About this task
Without including the images, transcribe each record precisely as it appears below.
[Records supplied]
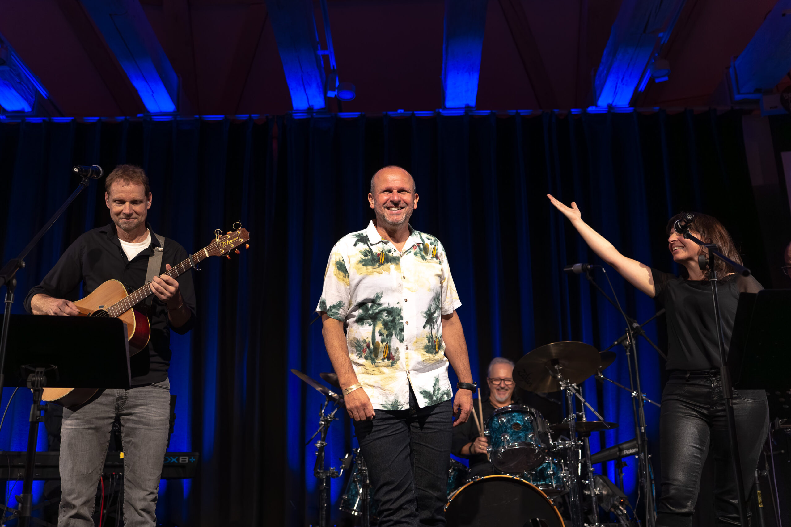 So spulten wir den unangenehmen Aufbau- und Soundcheck-Teil gelassen vor vollem Haus und Publikum ab, warteten geduldig die Siegerehrung der Tombola zum Tag der Demokratie ab und hofften, uns von nun an endlich dem Konzert in aller Zuversicht und Spielfreude widmen zu können.
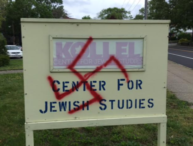 A miscreant, or a group of them, painted a swastika, on the sign of the Kollel Center for Jewish Studies, Pawtucket's only synagogue. Wouldn't it be nice if illogical hatred didn't exist?
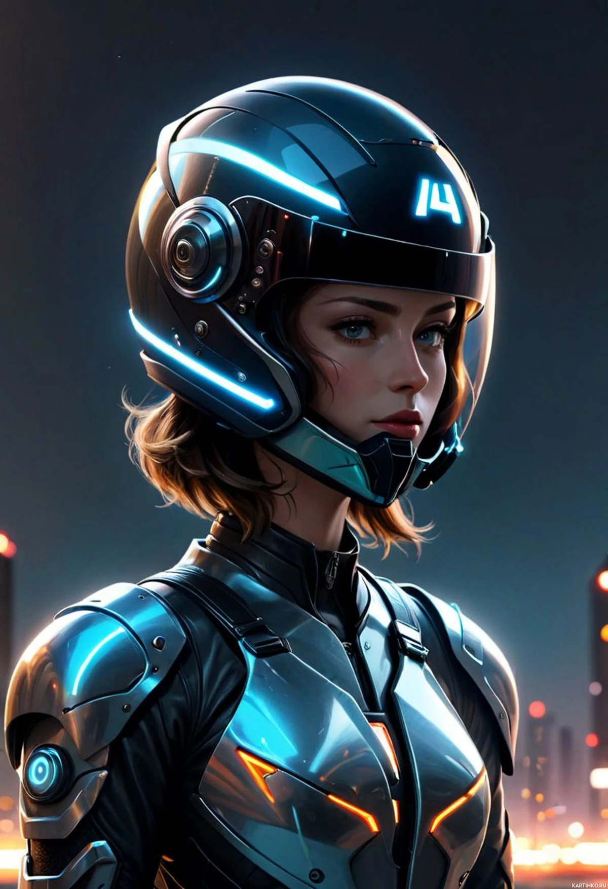 advanced technology features, such as speakers and possibly other communication devices integrated into the design. The background suggests an urban environment at night, with neon lights and a high-rise cityscape visible in the distance, adding to
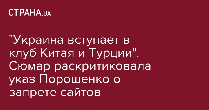 Украина после указа президента про блокировку в стране российских сайтов и сосетей попадает в "клуб" таких стран как Китай и Турция. Об этом заявила народный депутат и глава комитета по вопросам свободы слова и информационной политики Верховной Рады Виктория Сюмар ("Народный фронт", который входит в парламентскую коалицию) передает "Эспрессо.TV".
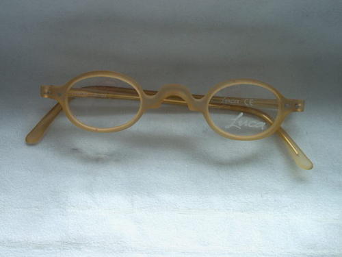 Gli occhiali in plastica leggermente colorata in marroncino, portano lenti piccole e all'interno dell'astina sinistra: Luca CE, e di quella destra: 3674A 36-29. Sulla lente sinistra: Luca. [Descrizione estratta dal database del Museo dell'Occhiale.]
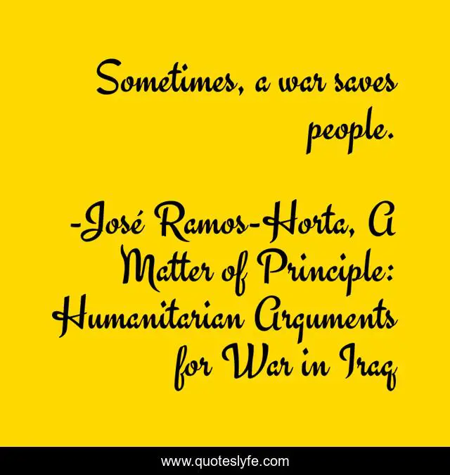 "José Ramos-Horta, A Matter of Principle: Humanitarian Arguments for War in Iraq Quotes." Quoteslyfe.com, 2025. Sun. 07 Dec. 2025. <https://www.quoteslyfe.com/quote/Sometimes-a-war-saves-people-52543>.
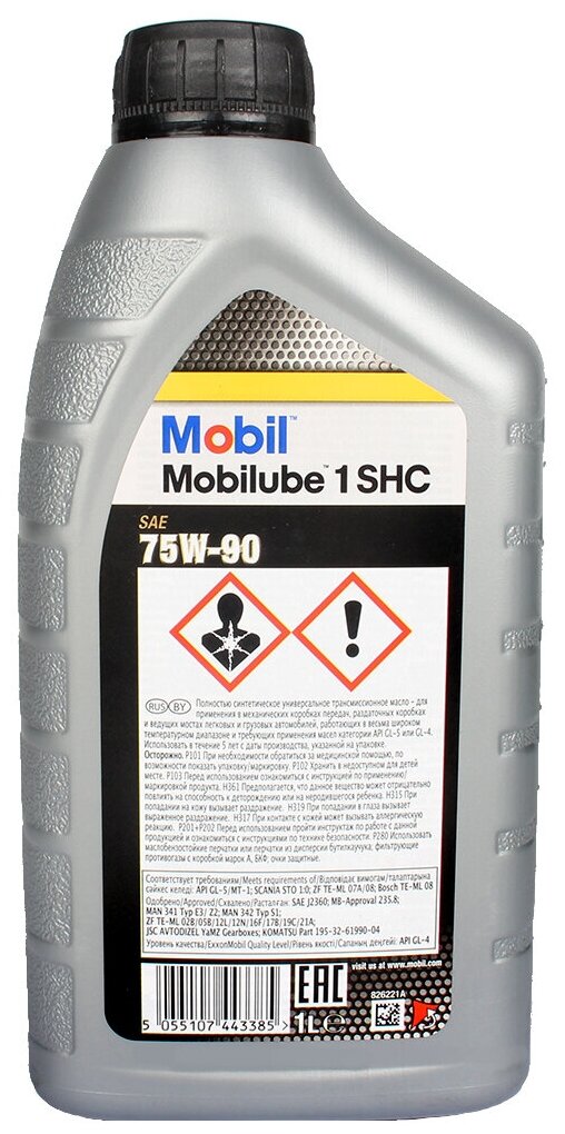 Масло трансмиссионное MOBIL Mobilube 1 SHC, 75W-90, 1 л, 1 шт.
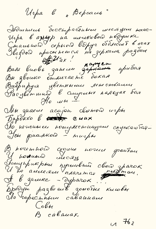 …Я же за тенью тенейТихо летел по острогамТёмная память о нейПодсчитана строгоНо только вижу сон:В саду колоколаВсё ближе к паперти задумчивый ДодонКровавым мальчиком вдруг поперхнулся сумракШесть великолепий в блестящей шерстиПод белые руки ведут меня в зероКарминное – знак шакалаВ карманном зеркальце лести1975Игра в «Версаль»
[/Records supplied]
Solution
 So spulten wir den unangenehmen Aufbau- und Soundcheck-Teil gelassen vor vollem Haus und Publikum ab, warteten geduldig die Siegerehrung der Tombola zum Tag der Demokratie ab und hofften, uns von nun an endlich dem Konzert in aller Zuversicht und Spielfreude widmen zu können.
 A miscreant, or a group of them, painted a swastika, on the sign of the Kollel Center for Jewish Studies, Pawtucket's only synagogue. Wouldn't it be nice if illogical hatred didn't exist?
 advanced technology features, such as speakers and possibly other communication devices integrated into the design. The background suggests an urban environment at night, with neon lights and a high-rise cityscape visible in the distance, adding to
 Украина после указа президента про блокировку в стране российских сайтов и сосетей попадает в "клуб" таких стран как Китай и Турция. Об этом заявила народный депутат и глава комитета по вопросам свободы слова и информационной политики Верховной Рады Виктория Сюмар ("Народный фронт", который входит в парламентскую коалицию) передает "Эспрессо.TV".
 Gli occhiali in plastica leggermente colorata in marroncino, portano lenti piccole e all'interno dell'astina sinistra: Luca CE, e di quella destra: 3674A 36-29. Sulla lente sinistra: Luca. [Descrizione estratta dal database del Museo dell'Occhiale.]
 "José Ramos-Horta, A Matter of Principle: Humanitarian Arguments for War in Iraq Quotes." Quoteslyfe.com, 2025. Sun. 07 Dec. 2025. <https://www.quoteslyfe.com/quote/Sometimes-a-war-saves-people-52543>.
 Масло трансмиссионное MOBIL Mobilube 1 SHC, 75W-90, 1 л, 1 шт.
 …Я же за тенью тенейТихо летел по острогамТёмная память о нейПодсчитана строгоНо только вижу сон:В саду колоколаВсё ближе к паперти задумчивый ДодонКровавым мальчиком вдруг поперхнулся сумракШесть великолепий в блестящей шерстиПод белые руки ведут меня в зероКарминное – знак шакалаВ карманном зеркальце лести1975Игра в «Версаль»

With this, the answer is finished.